INSTRUCTIONS FOR THE TASK: Each entry is to be retyped exactly as it appears, and each image is to be dropped.

RECORD SET:
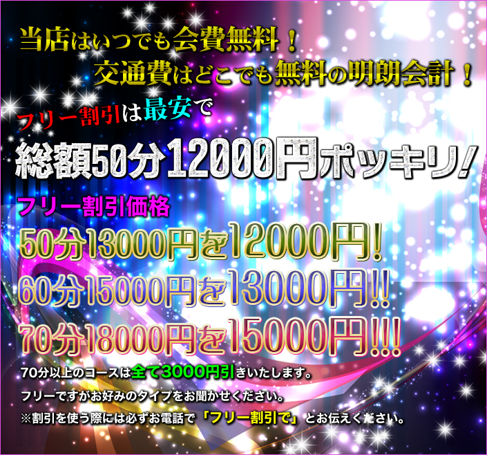 "☆全域交通費無料・入会金無料の明朗会計デリヘル☆ フリー割引(おまかせ割引)最安50分12000円実施中。"
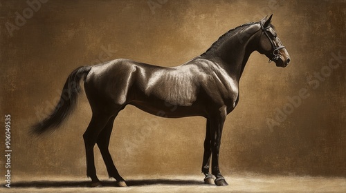 A graceful horse in profile on a solid brown background, showcasing its strength and elegance.
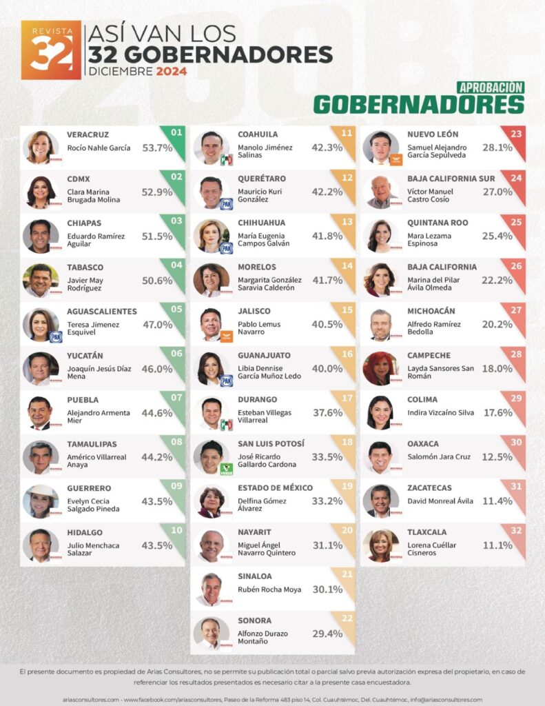 Xalapa, Ver., martes 21 de enero de 2025.- La gobernadora de Veracruz, Rocío Nahle García continúa liderando la lista de aprobación general de los 32 mandatarios mexicanos actualmente en funciones con un sólido 53.7 por ciento de aprobación de acuerdo a la encuesta realizada por Arias Consultores.
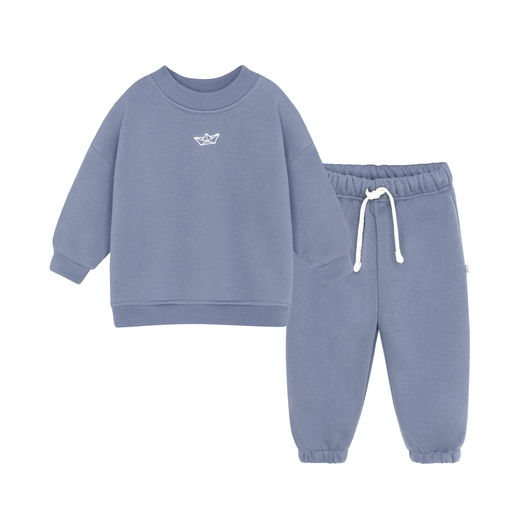 Описание: Уютный и стильный костюм для самых маленьких, выполнен из мягкого футера премиум класса с небольшим начесом. Свитшот свободного кроя, украшен оригинальной вышивкой в тематике коллекции. Линия плеча слегка приспущена мягко подчеркивая форму конструкции. Рукава на манжетах. Низ собран на мягкий пояс. Форма брючек свободная, комфортная в движении. Пояс цельнокроеный на резинке, фиксируется декоративным светлым шнуром. Низ штанин с фиксирующей резинкой.
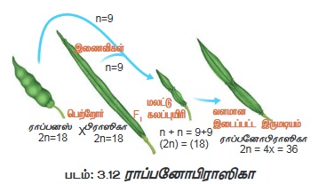 எடுத்துக்காட்டு:1 ராப்பனோபிராஸிகா, G.D. கார்பெசென்கோ (1927) ரஷ்ய மரபியலாளர், முள்ளங்கி (ராப்பனஸ் சட்டைவஸ், 2n=18) மற்றும் முட்டைக்கோஸ் (பிராஸிகா ஒலிரேசியா, 2n=18) தாவரங்களைக் கலப்பு செய்து முதலாம் மகவுச் சந்ததியில் (F1) மலட்டுத் தன்மை கொண்ட கலப்புயிரிகளை உற்பத்தி செய்தார். அவர் முதலாம் மகவுச் சந்ததி (F1) களிடையே குரோமோசோம் இரட்டிப்பு செய்யும் போது அவைகள் வளமானதாக (fertile) மாறின. முள்ளங்கித் தாவர வேரும் முட்டைக்கோஸ் தாவர இலைகளையும் கொண்ட முழுத் தாவரமும் உண்ண க்கூடியதாக இருக்கும் என அவர் எதிர்பார்த்தார், ஆனால் அவரின் எதிர்பார்ப்பிற்கு மாறாக இருந்ததால் பெரிதும் ஏமாற்றமடைந்தார்.
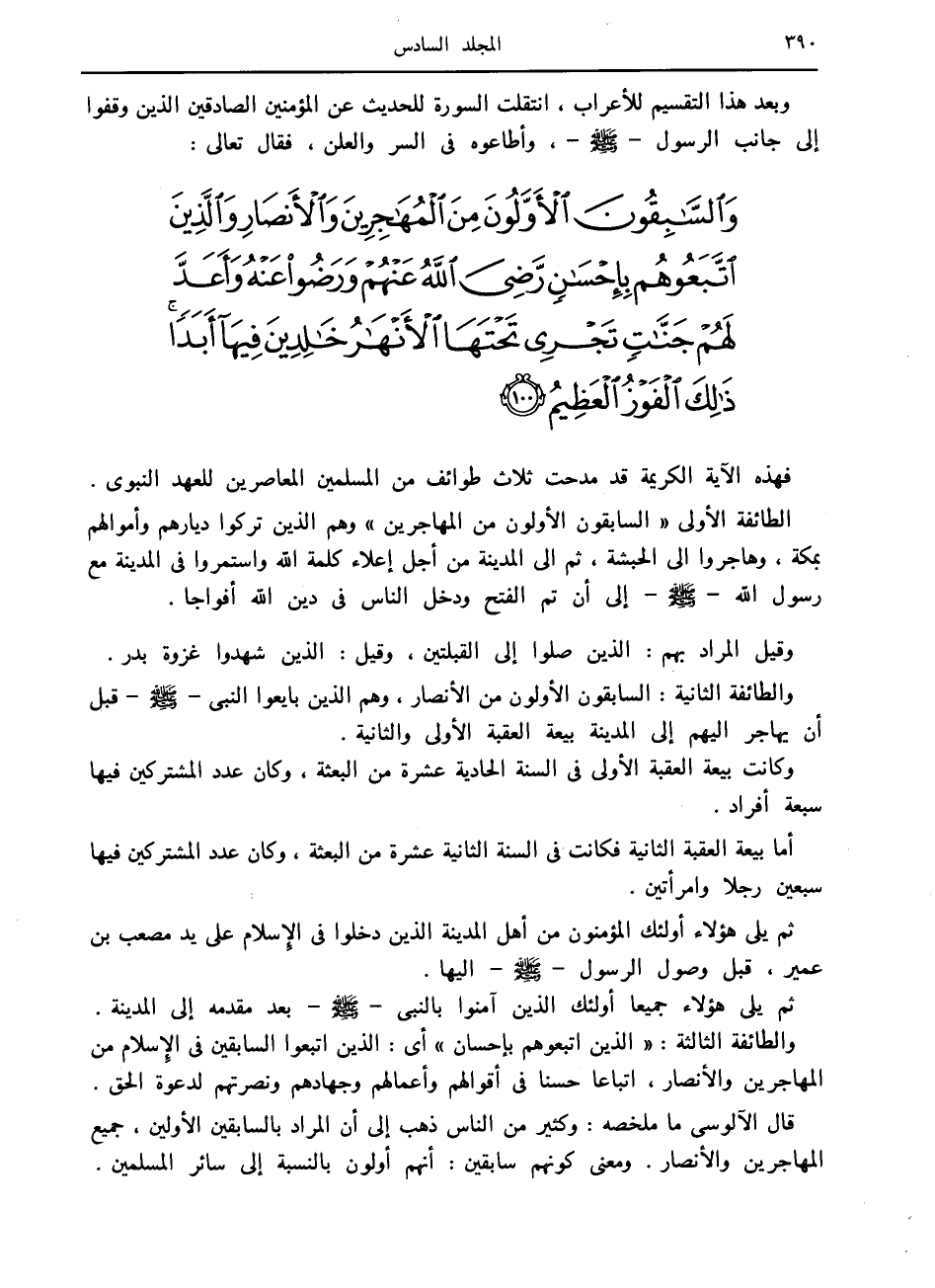 وَالسَّابِقُونَ الْأَوَّلُونَ مِنَ الْمُهاجِرِينَ وَالْأَنْصارِ وَالَّذِينَ اتَّبَعُوهُمْ بِإِحْسانٍ رَضِيَ اللَّهُ عَنْهُمْ وَرَضُوا عَنْهُ وَأَعَدَّ لَهُمْ جَنَّاتٍ تَجْرِي تَحْتَهَا الْأَنْهارُ خالِدِينَ فِيها أَبَداً ذلِكَ الْفَوْزُ الْعَظِيمُ (100)

ANSWER BOX:
 "☆全域交通費無料・入会金無料の明朗会計デリヘル☆ フリー割引(おまかせ割引)最安50分12000円実施中。"
 A graceful horse in profile on a solid brown background, showcasing its strength and elegance.
 Xalapa, Ver., martes 21 de enero de 2025.- La gobernadora de Veracruz, Rocío Nahle García continúa liderando la lista de aprobación general de los 32 mandatarios mexicanos actualmente en funciones con un sólido 53.7 por ciento de aprobación de acuerdo a la encuesta realizada por Arias Consultores.
 Описание: Уютный и стильный костюм для самых маленьких, выполнен из мягкого футера премиум класса с небольшим начесом. Свитшот свободного кроя, украшен оригинальной вышивкой в тематике коллекции. Линия плеча слегка приспущена мягко подчеркивая форму конструкции. Рукава на манжетах. Низ собран на мягкий пояс. Форма брючек свободная, комфортная в движении. Пояс цельнокроеный на резинке, фиксируется декоративным светлым шнуром. Низ штанин с фиксирующей резинкой.
 எடுத்துக்காட்டு:1 ராப்பனோபிராஸிகா, G.D. கார்பெசென்கோ (1927) ரஷ்ய மரபியலாளர், முள்ளங்கி (ராப்பனஸ் சட்டைவஸ், 2n=18) மற்றும் முட்டைக்கோஸ் (பிராஸிகா ஒலிரேசியா, 2n=18) தாவரங்களைக் கலப்பு செய்து முதலாம் மகவுச் சந்ததியில் (F1) மலட்டுத் தன்மை கொண்ட கலப்புயிரிகளை உற்பத்தி செய்தார். அவர் முதலாம் மகவுச் சந்ததி (F1) களிடையே குரோமோசோம் இரட்டிப்பு செய்யும் போது அவைகள் வளமானதாக (fertile) மாறின. முள்ளங்கித் தாவர வேரும் முட்டைக்கோஸ் தாவர இலைகளையும் கொண்ட முழுத் தாவரமும் உண்ண க்கூடியதாக இருக்கும் என அவர் எதிர்பார்த்தார், ஆனால் அவரின் எதிர்பார்ப்பிற்கு மாறாக இருந்ததால் பெரிதும் ஏமாற்றமடைந்தார்.
 وَالسَّابِقُونَ الْأَوَّلُونَ مِنَ الْمُهاجِرِينَ وَالْأَنْصارِ وَالَّذِينَ اتَّبَعُوهُمْ بِإِحْسانٍ رَضِيَ اللَّهُ عَنْهُمْ وَرَضُوا عَنْهُ وَأَعَدَّ لَهُمْ جَنَّاتٍ تَجْرِي تَحْتَهَا الْأَنْهارُ خالِدِينَ فِيها أَبَداً ذلِكَ الْفَوْزُ الْعَظِيمُ (100)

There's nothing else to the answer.